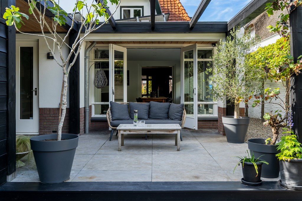 Direct aan de woning grenst een gezellige veranda, perfect voor lange zomeravonden met een eethoek en buitenkeuken. Dankzij de ligging op het zuidoosten geniet u hier van veel zon. De tuin is via de zijkant bereikbaar. Achterin bevindt zich een royale extra berging en bij de woning zelf bevindt zich nog een aangebouwde schuur welke ideaal is voor de stalling van uw fietsen, het tuingereedschap of als hobbyruimte.
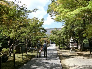 光明寺は平家物語で有名な熊谷次郎直実が、殺生に世のむなしさを感じ、法然上人の弟子となって、念仏三昧のために草庵を結んだことに始まります。又この地は法然上人が自ら悟りを開いた念仏の第一声を庄屋の高橋茂右衛門に授けた「浄土門根元地」でもあります。御影堂の裏には法然上人が眠る御本廟もあって、西山浄土宗総本山としての威容を誇っています。秋には参道が紅葉で美しく彩られます。
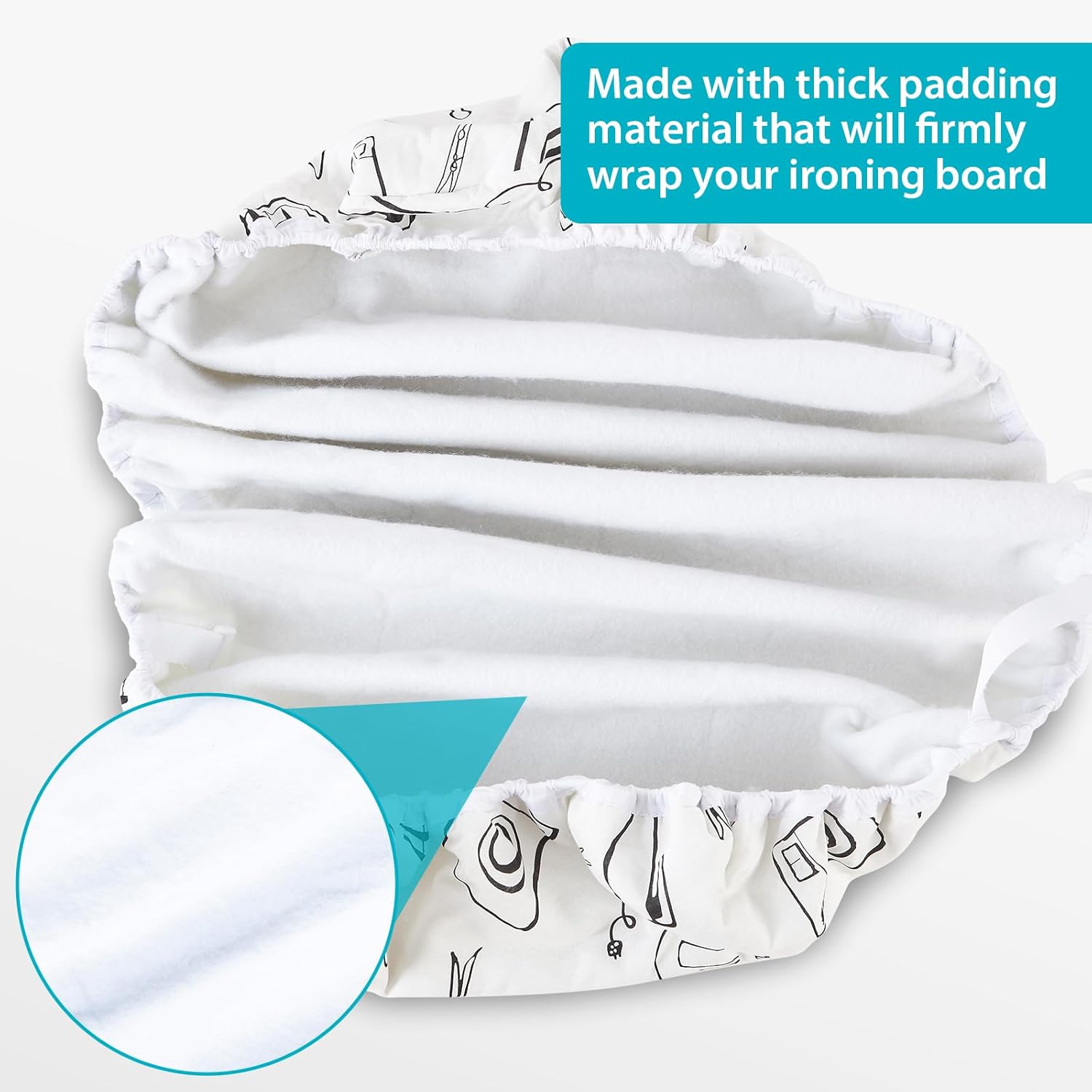 • SUITABLE FOR STANDARD IRONING BOARD: This ironing board cover designed for standard board to 54 x 18 inches. Suitable for standard size ironing boards with a width of 16 inches to 18 inches and a length of 52 inches to 54 inches. Note: Ironing board is NOT included
# # # #
Aim of the exercise: Omit the pictures, then give all the lines above again exactly.

Your response:
 Direct aan de woning grenst een gezellige veranda, perfect voor lange zomeravonden met een eethoek en buitenkeuken. Dankzij de ligging op het zuidoosten geniet u hier van veel zon. De tuin is via de zijkant bereikbaar. Achterin bevindt zich een royale extra berging en bij de woning zelf bevindt zich nog een aangebouwde schuur welke ideaal is voor de stalling van uw fietsen, het tuingereedschap of als hobbyruimte.
 光明寺は平家物語で有名な熊谷次郎直実が、殺生に世のむなしさを感じ、法然上人の弟子となって、念仏三昧のために草庵を結んだことに始まります。又この地は法然上人が自ら悟りを開いた念仏の第一声を庄屋の高橋茂右衛門に授けた「浄土門根元地」でもあります。御影堂の裏には法然上人が眠る御本廟もあって、西山浄土宗総本山としての威容を誇っています。秋には参道が紅葉で美しく彩られます。
 • SUITABLE FOR STANDARD IRONING BOARD: This ironing board cover designed for standard board to 54 x 18 inches. Suitable for standard size ironing boards with a width of 16 inches to 18 inches and a length of 52 inches to 54 inches. Note: Ironing board is NOT included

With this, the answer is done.